Generalized estimating equation statistical analysis

Data was preprocessed by performing linear interpolation and applying a rolling 3-day mean. Z-scoring was performed by calculating the mean and standard deviation of data preceding pregnancy onset (DKP- 60 days to DKP - 30 days) for all but one of the 23 EFL pregnancies as data before onset was not available (22 EFLs total). Early fetal loss (EFL) pregnancies were separated into groups based on pregnancy length from ‘date know pregnant’ to ‘date pregnancy stop’ in days (thresholds: 14, 28, 40, and 60).
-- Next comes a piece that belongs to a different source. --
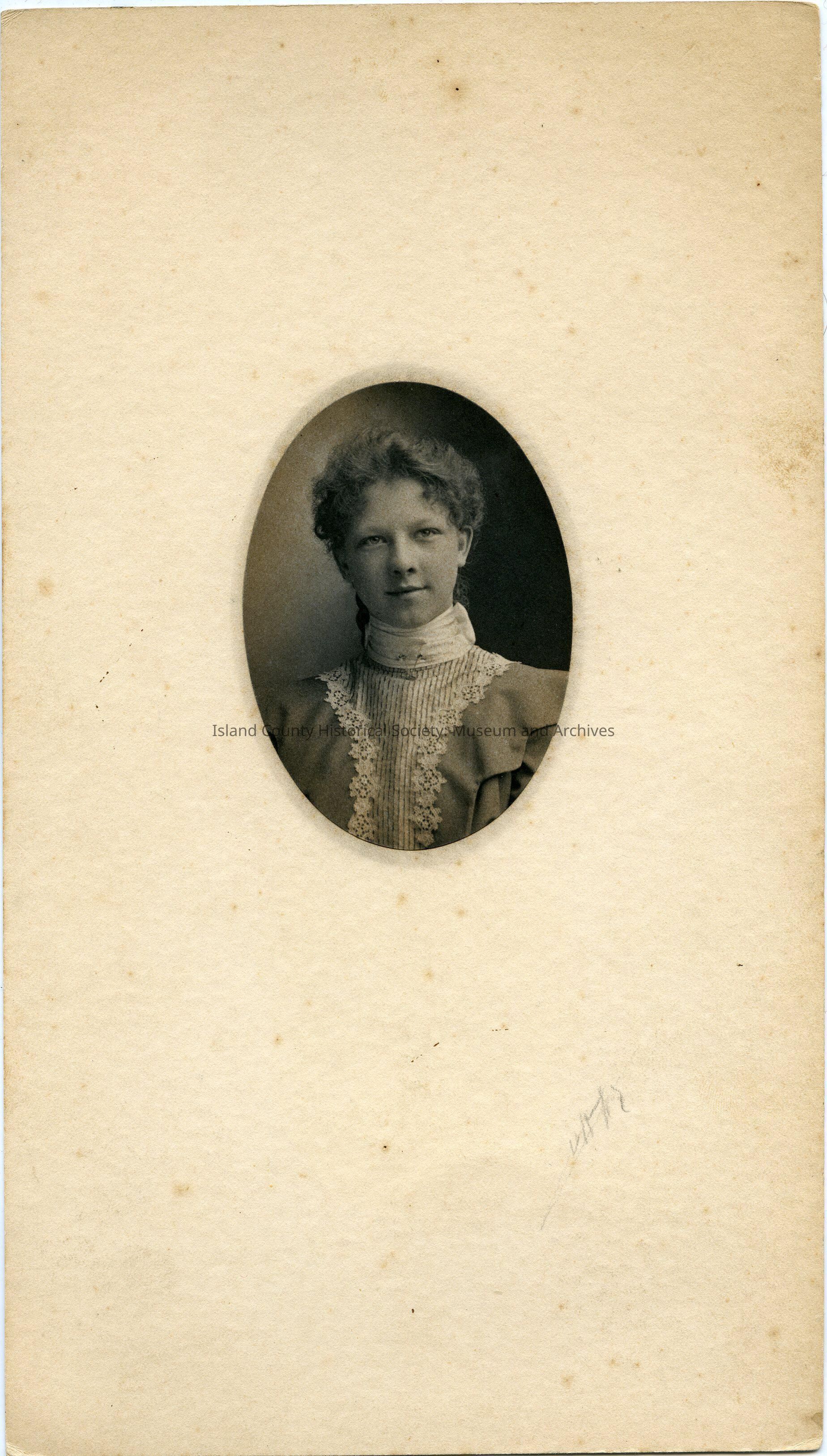 Small oval photo portrait of a young woman. She is wearing a dress with a lacy high collar and lace down the front, flounce around her shoulders. A pin is at her neck. On the back: Hazel Watson, about 16 years old.
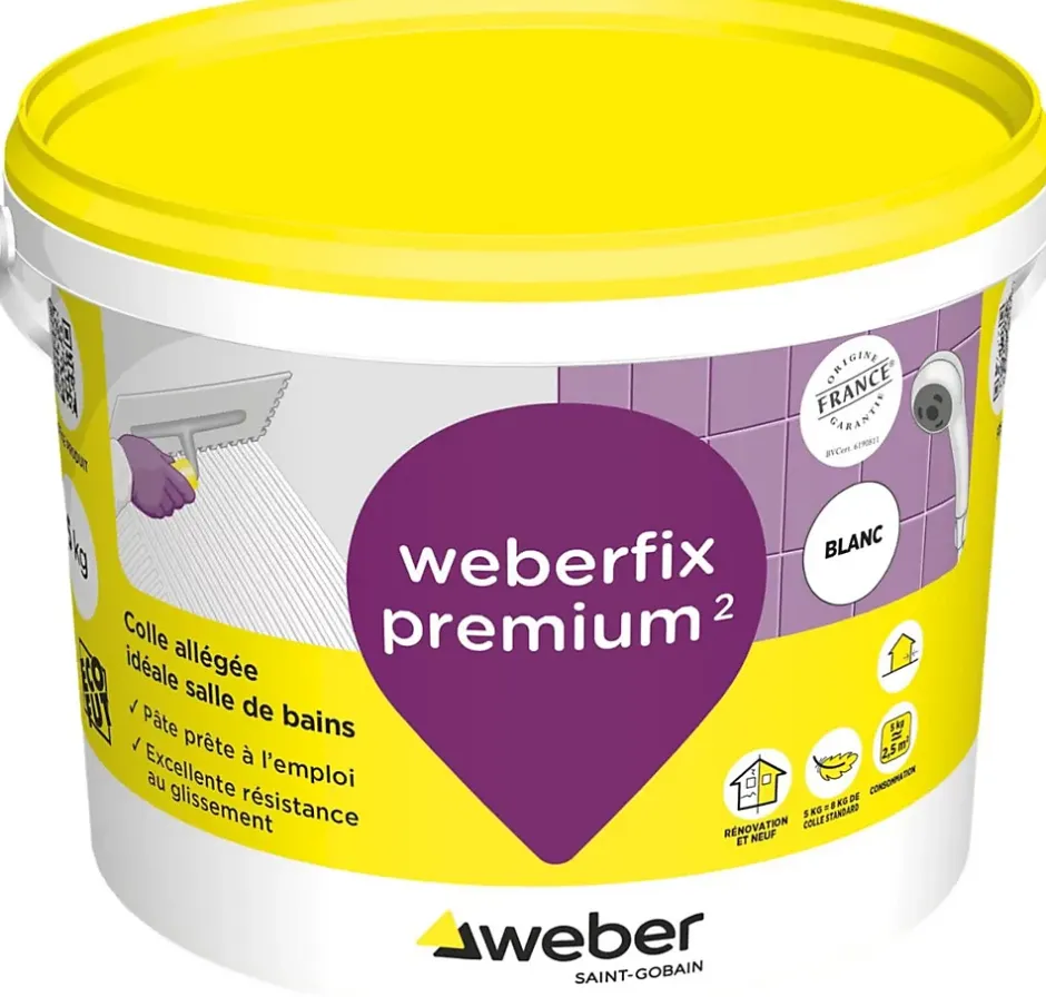 Adhésif hautes performances- Pâte prête à l’emploi- Moins de pénibilité : seau de 17kg équivalent à 25kg d’un adhésif traditionnel- Haute résistance à l’humidité idéale pour les pièces humides et la salle de bain- Application facile grpace à sa texture onctueuse- Collage direct sur ancien carrelage ou peinture Domaine d’utilisation :- Pose de carrelages et pierres naturelles, de formats 33×33 cm maxi, sur supports muraux intérieurs, sur paillasses, tables ou plans de travail,- Collage sur ancien carrelage et peinture,- Résistant à l’humidité (salles de bains, douches, cuisine?). Ne pas utiliser :- sur sols intérieurs ou extérieurs,- dans des locaux très humides (piscines..),- avec des carreaux de très grands formats- pour la pose de carreaux de porosité réduite sur support non absorbant (exemple : émaux sur carreaux de grès) ; dans ce cas, weberfix premium ² sécherait lentement, l’eau contenue dans l’adhesif s’éliminant difficilement- sur métal et sur supports en mauvais état- sur murs recouverts d’un ragréage pelliculaire (inférieur à 3 mm) Supports compatibles : Béton, Enduit ciment ou chaux ciment, Plaque de plâtre cartonnée hydrofugée (bleu), Plâtre (blanc), Plaque de plâtre cartonnée hydrofugée (verte), Enduit plâtre, Panneaux polystyrène prêts à carreler, Panneaux de bois CTBX CTBH OSB, Carrelage, Peinture sur plâtre, Peinture sur ciment, Rt3 (parpaing, béton…)<

For each EFL within each length group, the 7 days following ‘date pregnancy stop’ were stored along with the same days from 5 randomly selected full-term pregnancies (e.g. if an EFL occurred on day 10, values were selected from days 10 through 16 for that pregnancy and from 5 other, full-term pregnancies to ensure time-matched analysis for each individual’s EFL date); in this way, if there are 5 EFLs in a length group, data from 25 full-term pregnancies was also stored in the same array. The Generalized Estimating Equation (GEE) analysis was performed using the python package statsmodels48 (version 0.14.0, https://www.statsmodels.org/). The model used z-scored temperature as the dependent variable (dv), with the day following the EFL, the pregnancy category (full-term or early fetal loss), and EFL pregnancy threshold as the independent variables (iv).